И вдруг хлопок, свист, в небо взмывает яркая точка, и на тяжёлых облаках с торжественным пушечным грохотом расцветает огромный звёздный цветок. Я практически в ужасе валюсь прямо в снег от неожиданности, не в силах отвести взгляда от этого диковинного зрелища; меня оглушает сердцебиением и распадающимся в небе треском. Нет, я в целом понимаю, что такое фейерверк, но мне и думать не приходилось, до чего это… красиво. Лепестки искр множатся и раскрываются, отлетают друг от друга, распадаются, как круги на воде, как разбивающиеся витражи. Снаряд свистит за снарядом. Красный, зелёный, синий, жёлтый. Доктор меня поднимает; я чувствую, как он стряхивает с меня смешанный со снегом песок, но я не могу даже найти в себе сил, чтобы отвести взгляд от ослепительных небесных цветов.
– Зелёный цвет дают соли бария, – слышу я над ухом его голос. – Красный – это стронций. А синий…
– Медь, – заканчиваю я за него, заворожённо смотря на радужные шары и слыша, как доктор довольно усмехается в ответ.
Хлопки разносятся над прибрежным городком, эхо вторит самому себе меж крыш и горных хребтов. Я даже слышу, как где-то там, далеко, люди визжат и зовут друг друга, привлечённые грохотом. Мимолётом оглядываюсь на мерцающие окна, где маячат головы детей и взрослых, прилипших к стёклам, чтобы посмотреть на фейерверк.
Последняя звезда из коробки ныряет в тёмное небо, будто падающая в воду спичка. И всё затихает. Тишина кажется непривычно глубокой и обманчивой после праздничного грома. Над нашими головами повисает полупрозрачное дымное марево, и ледяной воздух наполняется ароматом серы и горелого пороха.

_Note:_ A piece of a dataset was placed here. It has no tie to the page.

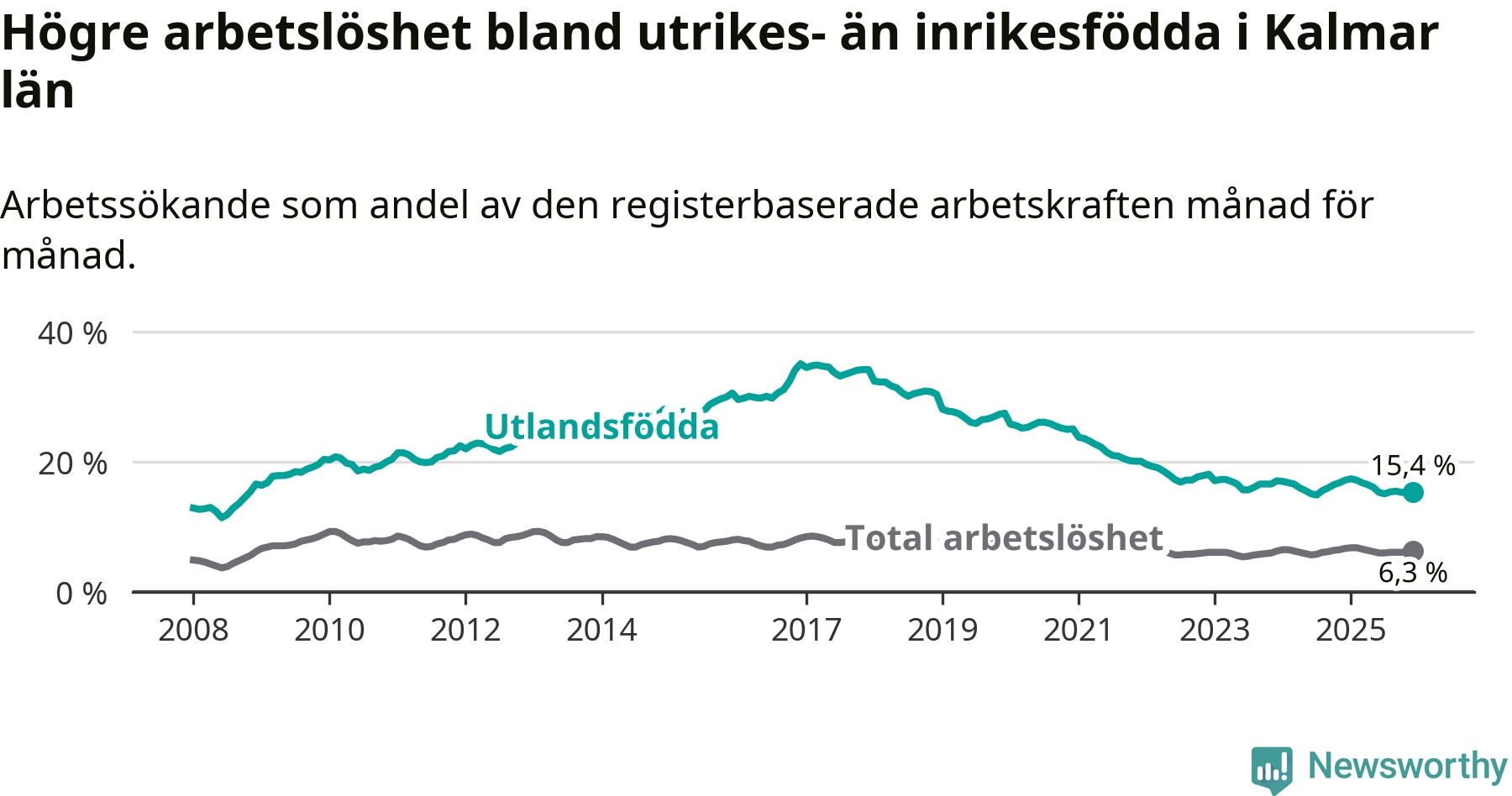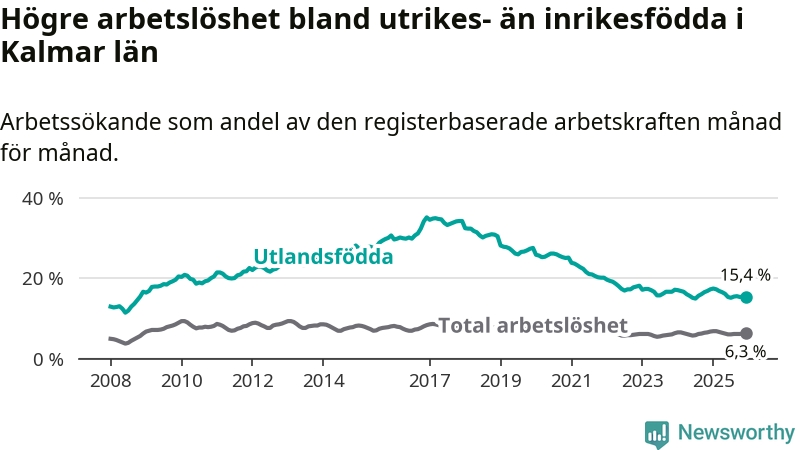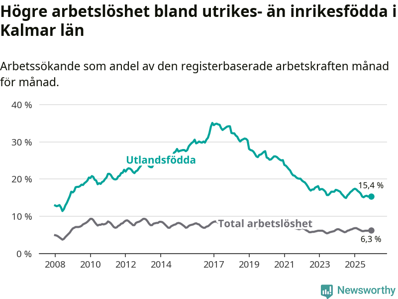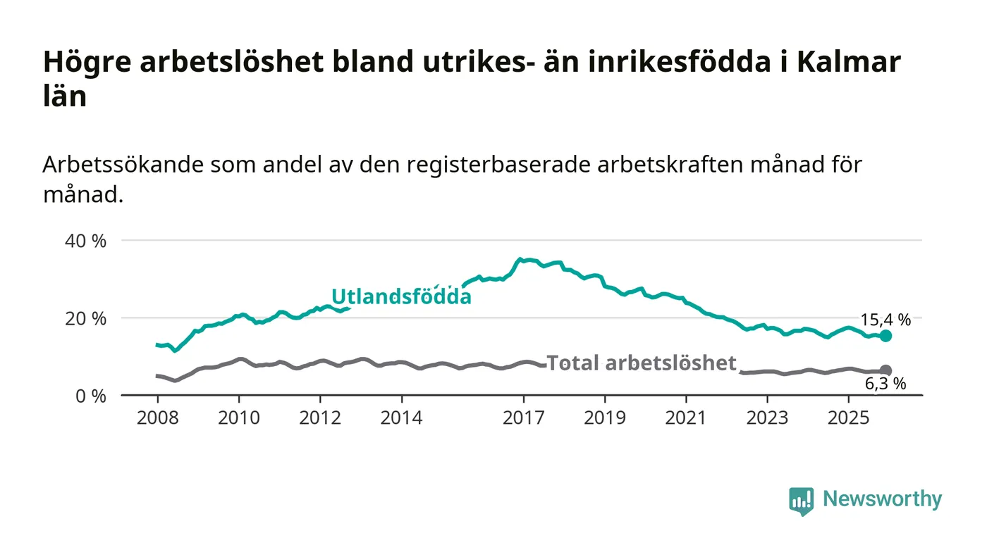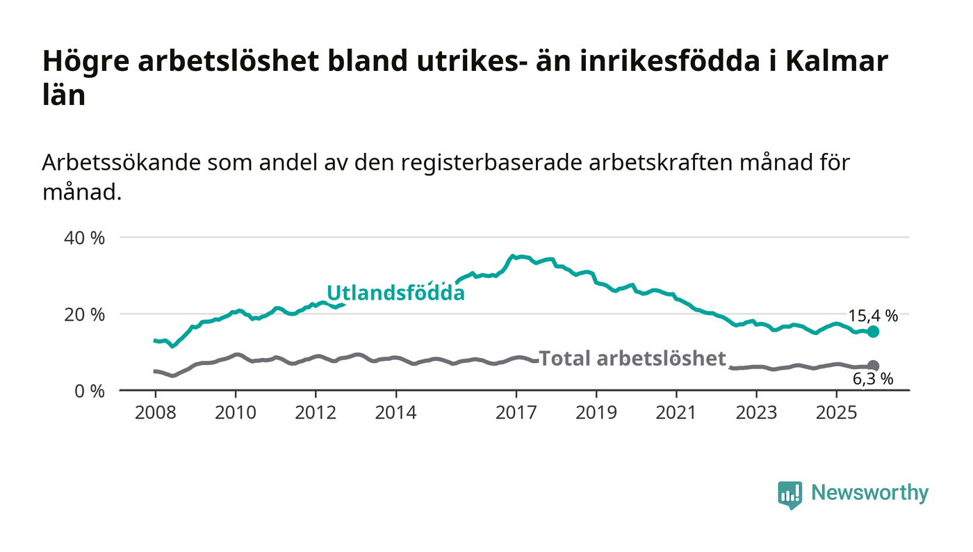 Arbetslösheten bland utlandsfödda var 15,4 procent i Kalmar under december månad, motsvarande 3 276 av 21 273 personer. Det är 1,8 procentenheter färre än vid samma tidpunkt i fjol (−343 om man räknar personer).

Домой мы возвращаемся в молчании. Я чувствую себя не хуже салюта: меня так же разрывает в разные стороны. Если бы доктор хотел меня убить, разве взял бы в эту поездку? Какая-то глупость бы получалась. Или это что-то вроде «последнего ужина»?
Похоже, доктор чувствует моё угнетённое состояние: всю дорогу косится на меня, нервно пожёвывая губы. И всё же… Мне тяжело поверить, что он может меня убить. Я просто не хочу, не могу.
В самых дверях особняка я всё же решаюсь задать изнуряющий меня вопрос, рассудив, что от ответа будет зависеть и судьба нашего побега.
– А что будет, если я всё-таки вырасту? – Я оборачиваюсь на него на лестнице.
– Если честно, я думаю, это уже неважно, – просто пожимает плечами доктор.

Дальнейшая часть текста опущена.